Stephen J. Turnbull wrote:
"MAL" == M email@example.com writes:
MAL> The BOM (byte order mark) was a non-standard Microsoft MAL> invention to detect Unicode text data as such (MS always uses MAL> UTF-16-LE for Unicode text files).
The Japanese "memopado" (Notepad) uses UTF-8 signatures; it even adds them to existing UTF-8 files lacking them.
Is that a MS application ? AFAIK, notepad, wordpad and MS Office always use UTF-16-LE + BOM when saving text as "Unicode text".
MAL> -1; there's no standard for UTF-8 BOMs - adding it to the MAL> codecs module was probably a mistake to begin with. You MAL> usually only get UTF-8 files with BOM marks as the result of MAL> recoding UTF-16 files into UTF-8.
There is a standard for UTF-8 _signatures_, however. I don't have the most recent version of the ISO-10646 standard, but Amendment 2 (which defined UTF-8 for ISO-10646) specifically added the UTF-8 signature to Annex F of that standard. Evan quotes Version 4 of the Unicode standard, which explicitly defines the UTF-8 signature.
Ok, as signature the BOM does make some sense - whether to strip signatures from a document is a good idea or not is a different matter, though.
Here's the Unicode Cons. FAQ on the subject:
They also explicitly warn about adding BOMs to UTF-8 data since it can break applications and protocols that do not expect such a signature.
So there is a standard for the UTF-8 signature, and I know of applications which produce it. While I agree with you that Python's codecs shouldn't produce it (by default), providing an option to strip is a good idea.
However, this option should be part of the initialization of an IO stream which produces Unicodes, _not_ an operation on arbitrary internal strings (whether raw or Unicode).

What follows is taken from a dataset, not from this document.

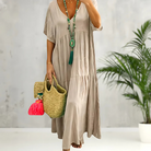 Designed for confidence, this dress features a flowing silhouette that enhances your shape while providing subtle belly coverage for a smooth look. Made from soft, breathable fabric, it ensures all-day comfort without compromising style. The versatile design transitions effortlessly from casual outings to special occasions. Easy to maintain and wrinkle-resistant, this dress is a timeless and effortless wardrobe essential.

MAL> BTW, how do you know that s came from the start of a file and MAL> not from slicing some already loaded file somewhere in the MAL> middle ?
The programmer or the application might, but Python's codecs don't. The point is that this is also true of rawstrings that happen to contain UTF-16 or UTF-32 data. The UTF-16 ("auto-endian") codec shouldn't strip leading BOMs either, unless it has been told it has the beginning of the string.
The UTF-16 stream codecs implement this logic.
The UTF-16 encode and decode functions will however always strip the BOM mark from the beginning of a string.
If the application doesn't want this stripping to happen, it should use the UTF-16-LE or -BE codec resp.
MAL> Evan Jones wrote: >> This is *not* a valid Unicode character. The Unicode >> specification (version 4, section 15.8) says the following >> about non-characters: >> >>> Applications are free to use any of these noncharacter code >>> points internally but should never attempt to exchange >>> them. If a noncharacter is received in open interchange, an >>> application is not required to interpret it in any way. It is >>> good practice, however, to recognize it as a noncharacter and >>> to take appropriate action, such as removing it from the >>> text. Note that Unicode conformance freely allows the removal >>> of these characters. (See C10 in Section3.2, Conformance >>> Requirements.) >> >> My interpretation of the specification means that Python should
The specification _permits_ silent removal; it does not recommend.
>> silently remove the character, resulting in a zero length >> Unicode string. Similarly, both of the following lines should >> also result in a zero length Unicode string: >>>> '\xff\xfe\xfe\xff'.decode( "utf16" ) > u'\ufffe' >>>> '\xff\xfe\xff\xff'.decode( "utf16" ) > u'\uffff'
I strongly disagree; these decisions should be left to a higher layer. In the case of specified UTFs, the codecs should simply invert the UTF to Python's internal encoding.
MAL> Hmm, wouldn't it be better to raise an error ? After all, a MAL> reversed BOM mark in the stream looks a lot like you're MAL> trying to decode a UTF-16 stream assuming the wrong byte MAL> order ?!
+1 on (optionally) raising an error.
The advantage of raising an error is that the application can deal with the situation in whatever way seems fit (by registering a special error handler or by simply using "ignore" or "replace").
I agree that much of this lies outside the scope of codecs and should be handled at an application or protocol level.
-1 on removing it or anything like that, unless under control of the application (ie, the program written in Python, not Python itself). It's far too easy for software to generate broken Unicode streams, and the choice of how to deal with those should be with the application, not with the implementation language.
Footnotes:  An egregious example was the Outlook Express distributed with early Win2k betas, which produced MIME bodies with apparent Content-Type: text/html; charset=utf-16, but the HTML tags and newlines were 7-bit ASCII!